純投資目的に変更した理由は?
純投資目的に変更した理由は?
2009年の法改正により、定時株主総会前の有価証券報告書の提出が可能になったが、多くの上場企業は定時株主総会終了後に有価証券報告書を提出することを慣例としている。モニターメーカーのEIZOも6月24日に株主総会を開催し、決算報告、取締役の選任を終え、翌6月25日に2020年3月期の有価証券報告書を提出した。
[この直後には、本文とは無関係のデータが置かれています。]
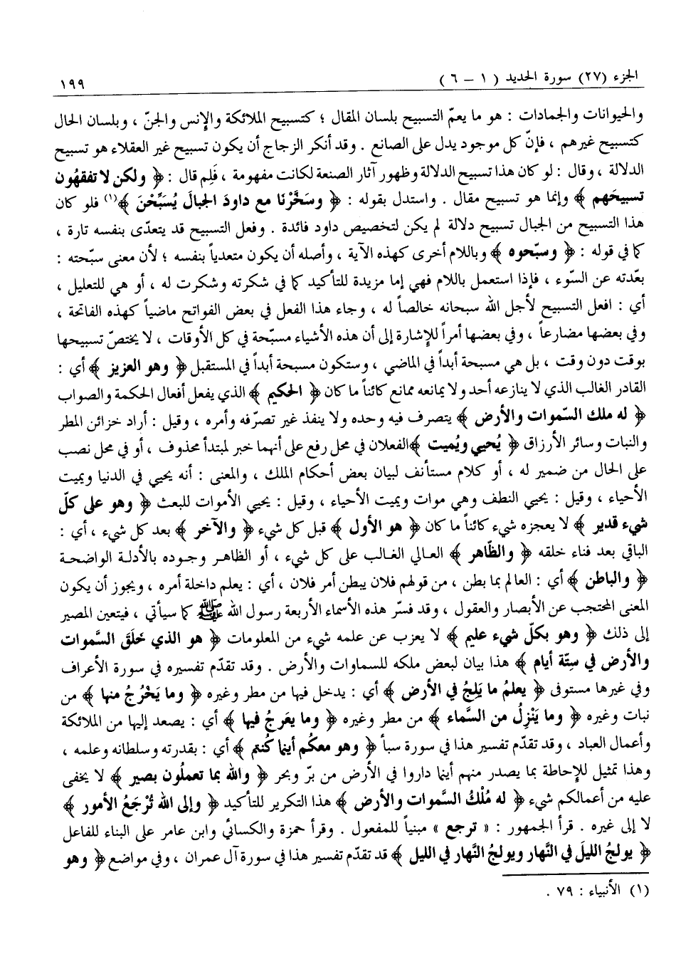 بَعَّدْتُهُ عَنِ السُّوءِ، فَإِذَا اسْتُعْمِلَ بِاللَّامِ فَهِيَ إِمَّا مَزِيدَةٌ لِلتَّأْكِيدِ كَمَا فِي شَكَرْتُهُ وَشَكَرْتُ لَهُ، أَوْ هِيَ لِلتَّعْلِيلِ، أَيِ: افْعَلِ التَّسْبِيحَ لِأَجْلِ اللَّهِ سُبْحَانَهُ خَالِصًا لَهُ، وَجَاءَ هَذَا الْفِعْلُ فِي بَعْضِ الْفَوَاتِحِ مَاضِيًا كَهَذِهِ الْفَاتِحَةِ، وَفِي بَعْضِهَا مُضَارِعًا، وَفِي بَعْضِهَا أَمْرًا لِلْإِشَارَةِ إِلَى أَنَّ هَذِهِ الْأَشْيَاءَ مُسَبِّحَةٌ فِي كُلِّ الْأَوْقَاتِ، لَا يَخْتَصُّ تَسْبِيحُهَا بِوَقْتٍ دُونَ وَقْتٍ، بَلْ هِيَ مُسَبِّحَةٌ أَبَدًا فِي الْمَاضِي، وَسَتَكُونُ مُسَبِّحَةً أَبَدًا فِي الْمُسْتَقْبَلِ وَهُوَ الْعَزِيزُ أَيِ:

株主総会には行けなかったが、EIZOは投資先であるので、有価証券報告書を眺めていると大きな発見があった。これまで「特定投資株式」として保有していた村田製作所、富士ソフト、エクセルの株が「純投資目的」に変更されていた。特に注目したいのが村田製作所。EIZOは歴史的経緯から村田製作所との繋がりが深く、2002年の上場以前から村田製作所株を414万株(時価226億円)も保有している。同社株はEIZOの総資産の約2割を占めるため、純投資目的に変更した理由は無視できないところだ。
- 「特定投資株式」・・・経営参加や営業関係を強めることなどを目的としている株式投資。政策保有株式とも。
- 「純投資目的」・・・株式に対しての純粋な投資という意味であり、株式値上がりの利益や配当金の受け取りなどによっての利益確保を目的としている投資のこと。
「特定投資株式」「純投資目的」については以上のような意味を持つので、その言葉の通り捉えるならば、「村田製作所と関係を維持・強化するために株式を保有してきたが、今後は株式値上がり益や配当収入を得ることを目的としての保有とする」ということになる。
純投資目的に変更した理由の一つとしてまず考えられるのが、今後の売却だ。村田製作所との取引はEIZOの年間売上高の0.1%未満であり、営業関係を強めるために株式を保有する合理性は低い。合理性を説明できない政策保有株は機関投資家からの評判が年々悪くなってきていることもあり近々売却する予定なのではないか。売却する場合は、推定200億円近い投資有価証券売却益が計上される可能性がある。その資金を利用して成長のための設備投資を行なったり、自社株買いや増配を行なうかもしれないので、これは株主としてはポジティブ。
もう一つの理由として考えられるのは、特定投資株式として保有していると、有価証券報告書に「保有株数」「保有目的」「保有で得られる効果」などを個別開示しなくてはならず、事業上の関係性が薄い村田製作所株を226億円も保有していると投資家から保有合理性の無さを指摘される可能性がある。なので、個別開示の必要がなく、政策保有株でもない「純投資目的」に分類し、投資家の目から遠ざけようとしているのではないか。これは開示姿勢の消極性から言うとネガティブ。ちなみにEIZOは、コーポレートガバナンスコードの「原則1-4」(政策保有株について)をコンプライしていないため、今後、原則1-4をコンプライするための布石である可能性もある。
現時点では、自分は純投資目的に変更した理由は「売却するため」が70%、「開示が面倒だから」が30%くらいではないかと考えている。上記の通り、売却した場合には推定200億円の投資有価証券売却益が計上されるため、株価は急騰するはずだ。1年以内に何らかのアクションがあると思われるが、何もないようなら来年の株主総会で「純投資目的に変更した理由は?」と質問してみようと思う。